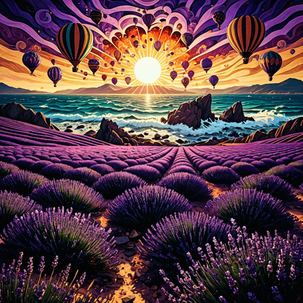 Steam-powered airship hovering above jagged mountains, stylized and surreal landscape, swirling sky with billowing smoky clouds, intense lighting with a large glowing sun, ocean waves crashing against rocks, dark and moody atmosphere, inspired by steampunk, vibrant colors and bold brushstrokes
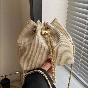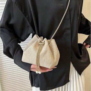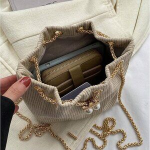 Features: Compact mini crossbody with a stylish chain strap, drawstring closure, and lightweight feel. Great for hands-free convenience and adding a chic element to your outfit.
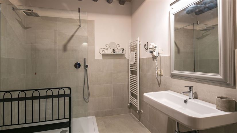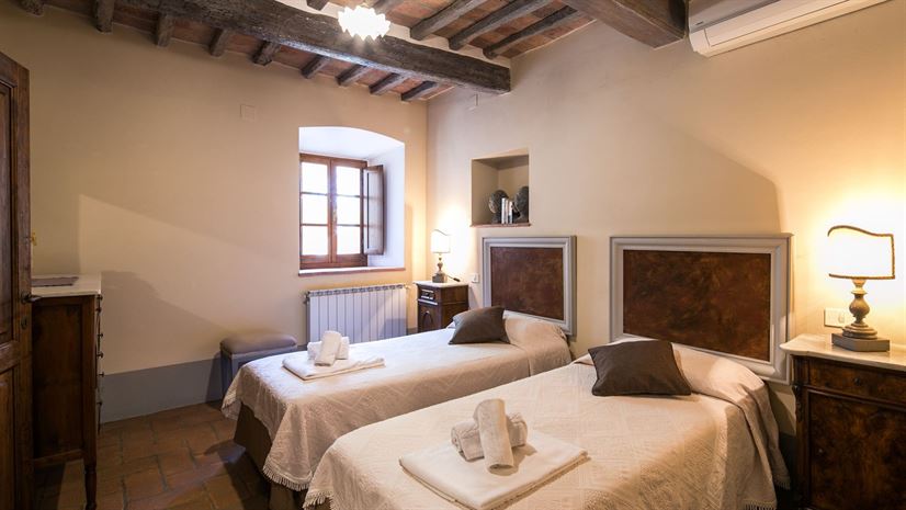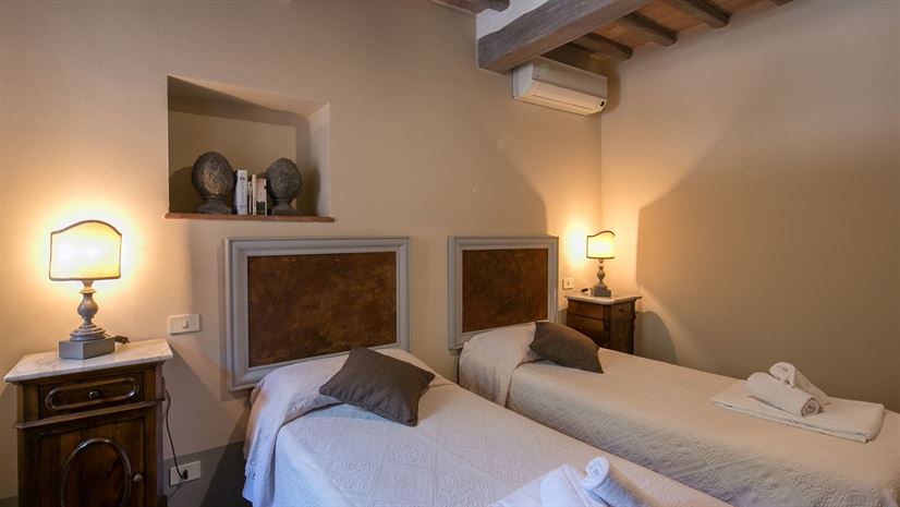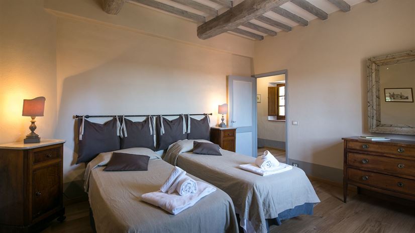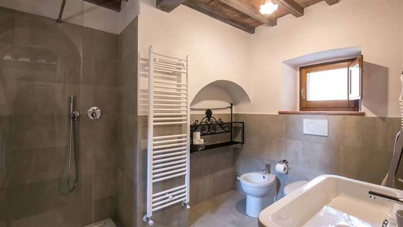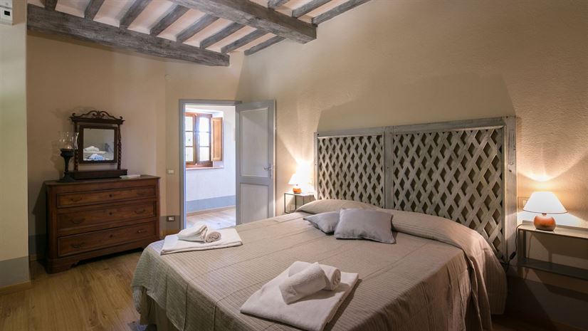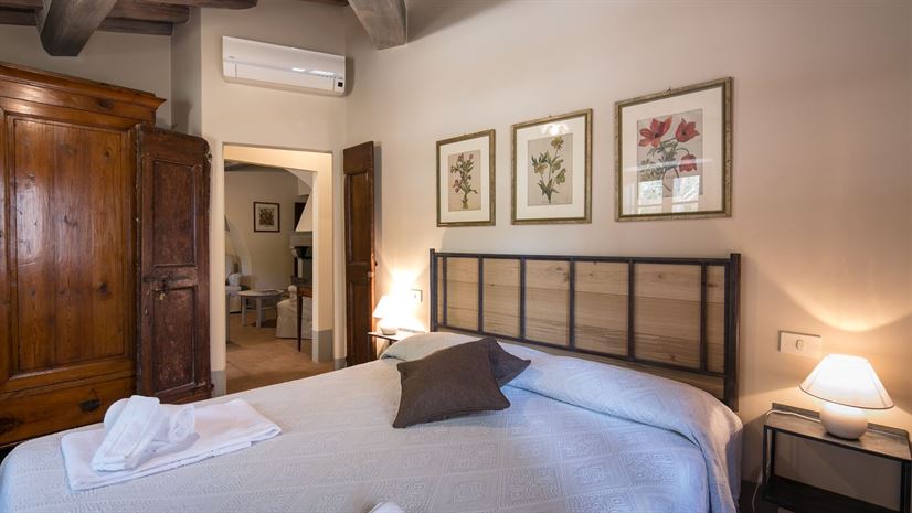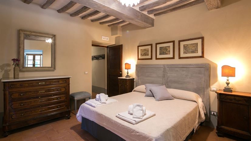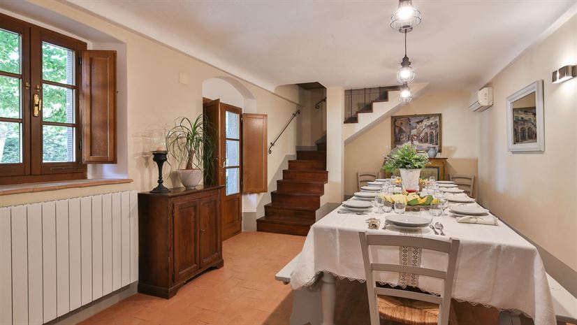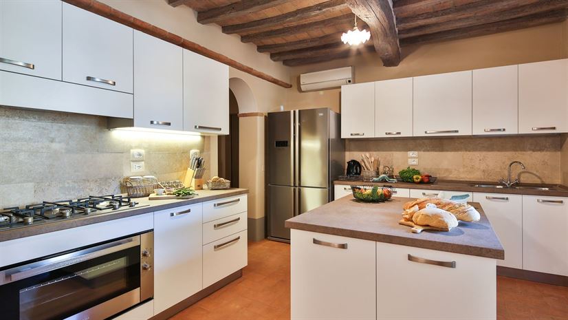 Wnętrza willi są charakterystyczne dla kamiennego toskańskiego domu, z kamiennymi łukami i okazałymi korytarzami. Wygodny i przytulny salon jest zrównoważony przez rozległą, oświetloną słońcem kuchnię z jadalnią, zapewniającą wystarczającą ilość miejsca dla każdego, aby wypocząć i wspólnie spędzić czas. Wysokie sufity pomagają utrzymać chłód w pomieszczeniach, a w szczególnie upalne dni można skorzystać z klimatyzacji.
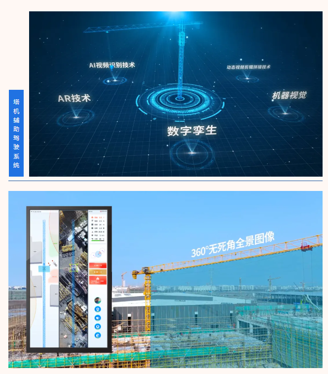 • 系統(tǒng)通過多路視頻融合技術(shù),實現(xiàn)了塔機作業(yè)區(qū)域的全景顯示,操作人員可輕松鎖定目標(biāo)區(qū)域。首創(chuàng)的“上帝視角”功能,真實還原現(xiàn)場尺寸,無畸變顯示作業(yè)環(huán)境,極大提升了操作準(zhǔn)確性。AR增強現(xiàn)實技術(shù)的應(yīng)用,使落點位置和大臂覆蓋區(qū)域精準(zhǔn)可視,大幅降低操作難度。

About this exercise> The response should be the full material, repeated exactly, with images removed.

Exercise answer>
 Steam-powered airship hovering above jagged mountains, stylized and surreal landscape, swirling sky with billowing smoky clouds, intense lighting with a large glowing sun, ocean waves crashing against rocks, dark and moody atmosphere, inspired by steampunk, vibrant colors and bold brushstrokes
 Features: Compact mini crossbody with a stylish chain strap, drawstring closure, and lightweight feel. Great for hands-free convenience and adding a chic element to your outfit.
 Wnętrza willi są charakterystyczne dla kamiennego toskańskiego domu, z kamiennymi łukami i okazałymi korytarzami. Wygodny i przytulny salon jest zrównoważony przez rozległą, oświetloną słońcem kuchnię z jadalnią, zapewniającą wystarczającą ilość miejsca dla każdego, aby wypocząć i wspólnie spędzić czas. Wysokie sufity pomagają utrzymać chłód w pomieszczeniach, a w szczególnie upalne dni można skorzystać z klimatyzacji.
 • 系統(tǒng)通過多路視頻融合技術(shù),實現(xiàn)了塔機作業(yè)區(qū)域的全景顯示,操作人員可輕松鎖定目標(biāo)區(qū)域。首創(chuàng)的“上帝視角”功能,真實還原現(xiàn)場尺寸,無畸變顯示作業(yè)環(huán)境,極大提升了操作準(zhǔn)確性。AR增強現(xiàn)實技術(shù)的應(yīng)用,使落點位置和大臂覆蓋區(qū)域精準(zhǔn)可視,大幅降低操作難度。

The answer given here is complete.